So let's start with how much first. If you look at any of the IRS tax data, what people report on their business expense forms for advertising, it comes out to a little below 2% of total gross revenues. Well, that sucks. Don't spend that unless you just want to continue to plot along and be flat or even decline. That's driven by all of those businesses and there are loads of them that don't spend the dime on advertising. I think a more qualified response would be if you look in our surveys and our surveys only go out to businesses that are actively buying advertising. So these are the serious people that buy advertising, right? On average it's about 2.7% for novices, and that is people who haven't been in the advertising and marketing business making decisions for very long, 2.7% of gross revenue. For apprentices, and apprentices get some pretty decent response and have a good mix of advertising, it's 3.4%. And for masters, on average, masters are spending 8.3% of gross revenues.

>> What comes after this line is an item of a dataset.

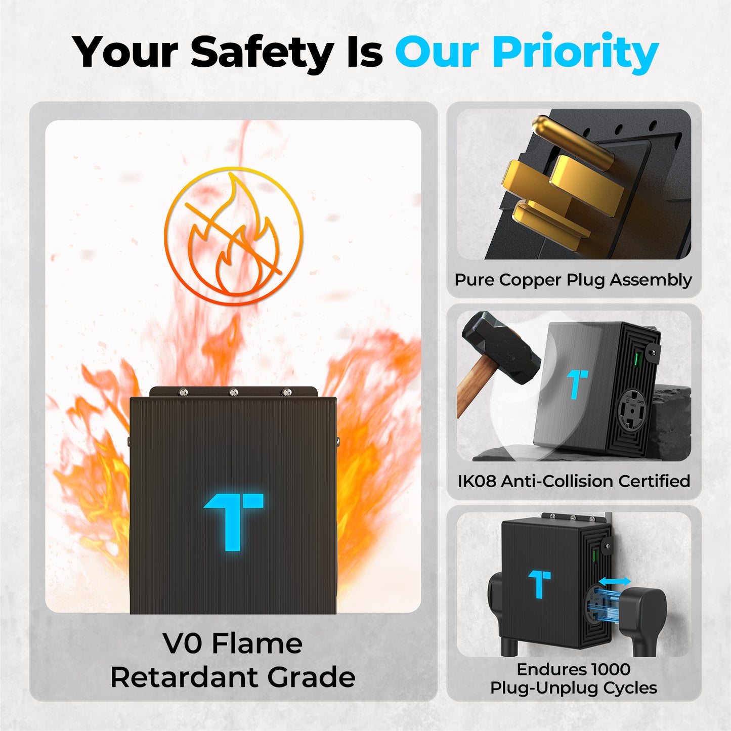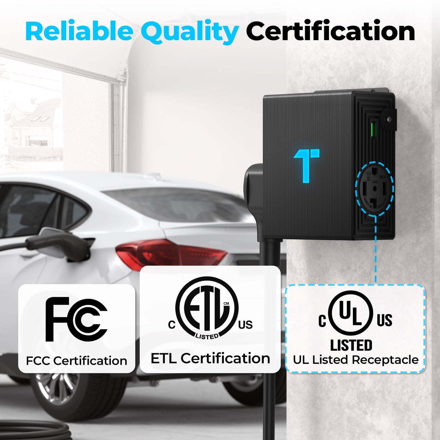 The PulseQ NEMA Splitter ensures safety with overload protection, short circuit protection, and overheating protection. Devices and your home are safeguarded from overcurrents and overheating. The splitter is FCC and ETL certified, confirming safety and compliance.

Here's what I tell people. If you want to maintain, then probably about four to 5% of gross revenue. And you really do need to have the appropriate mix. In other words, you can't put it all into paid search. You can't put it all into newspaper, ROP, things like that. You got to have the right mix. If you want to be aggressive and you want to conquer the world and you really want to grow, then spend 10%. We have some businesses that tell us they're spending 15% and they're just growing phenomenally.

The mix, and give me 30 seconds more. The mix really depends on your business and your campaign. We've seen most businesses, the top things they use are search marketing. That's very, very popular. Social media, that's very, very popular and gets results and not all that expensive and very targeted. Targeted banners. And then they'll pick two or three different types of traditional media. And that's the secret sauce, that's the forgotten piece. Since it's expensive, a lot of smaller businesses don't do it. But it's either television, outdoor, newspapers, direct mail, radio. Radio, I'm sorry, is pretty healthily in the mix because radio's got among the lowest CPMs and tends to be very effective. And the radio people are extremely creative. So depending on what you believe works and what you can assume or create some type of measurement to say, "Hey, we bought radio advertising and it works. Hey, we bought newspaper advertising and it works." That, along with digital, are the appropriate mix. So I guess the message there is don't forget the traditional types of media. They do tend to have some pretty powerful results.

Gordon Henry:

What I think I hear you saying actually is you can't just go with what you think is the most popular thing, because yeah, everybody thinks Google search is great, but that also means it's really expensive. And some of these ones that you may think are less effective, whether it's the newspaper or the Yellow Pages or the direct mail or the radio still work and may, because they're a little bit less in favor, may actually deliver great deals. You may get more leads for your money than you would through Google or Facebook. And at the end of the day, you're a small business, you want the most leads, most quality leads for the least money, right?

Gordon Borrell:

Yeah. And I think you have to acknowledge what you said, what you don't know and what your prejudices are. Nobody reads the Yellow Pages anymore, nobody reads newspapers anymore. Well, I've seen research, and I'm sure you've seen this too, Gordon, it's just amazing to me that in smaller markets, and it's probably changed since then. But markets with 100,000 or fewer people have a greater likelihood of turning to the print Yellow Page book than they do to Google. And you go, that's crazy. And it was sponsored by the Yellow Pages Association group, search market association, whatever the group is.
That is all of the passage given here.